Calculate size distribution of reads from fastq and bam files.
size_dist.py
is a python3 executable script that relies on the
pysam library. To install
use conda to create an environment that contains pysam
, then add the
size_dist.py
script to that environment's bin/.
First, install conda using miniconda. The instructions at the Bioconda page are great to get started with installing conda / miniconda.
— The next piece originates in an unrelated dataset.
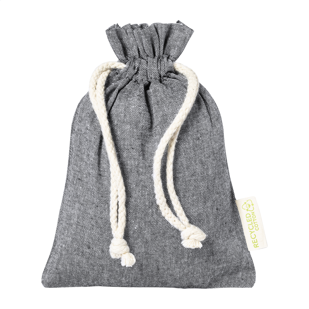 Opakovaně použitelný pytlík na potraviny vyrobený z recyklované bavlny. Zavírání se stahovací šňůrkou. 100% recyklovaná bavlna, 120 g/m2. Rozměr produktu je 150×210 mm.

Next, create and activate a conda environment to hold pysam
and size_dist.py
.
The conda config
commands ensure the bioconda and r channels are available;
required for pysam installation.
conda create --name size_dist
conda activate size_dist
conda config --add channels r
conda config --add channels bioconda
conda install pysam
Now, download the latest release as .zip from github. Unzip it, cd into the
directory, then copy the size_dist.py
script into your environment's /bin/
folder:
cp size_dist.py /path/to/miniconda3/envs/size_dist/bin/
In the above, be sure to replace /path/to
with the correct path to your
miniconda3 installation. (Call conda env list
to find this.)
usage: size_dist.py [-h] [-s] [-d] [-c] [-u] [-v] files [files ...]
positional arguments:
files One or more .bam or .fastq files
optional arguments:
-h, --help show this help message and exit
-s, --includeSupplementary
Include supplementary alignments (bam)
-d, --includeDuplicate
Include duplicate alignments (bam)
-c, --includeSecondary
Include secondary alignments (bam)
-u, --excludeUnmapped
Exclude unmapped reads (bam)
-v, --version show program's version number and exit
Files must end in either .bam
or .fastq
. Compressed fastq files are not
accepted.
For bam files, by default, supplementary, secondary, and duplicate reads are excluded, while unmapped reads are included. Optional switches are available to change the default behaviors for these alignment types. Each line in a bam file (unless excluded) is treated as a separate read.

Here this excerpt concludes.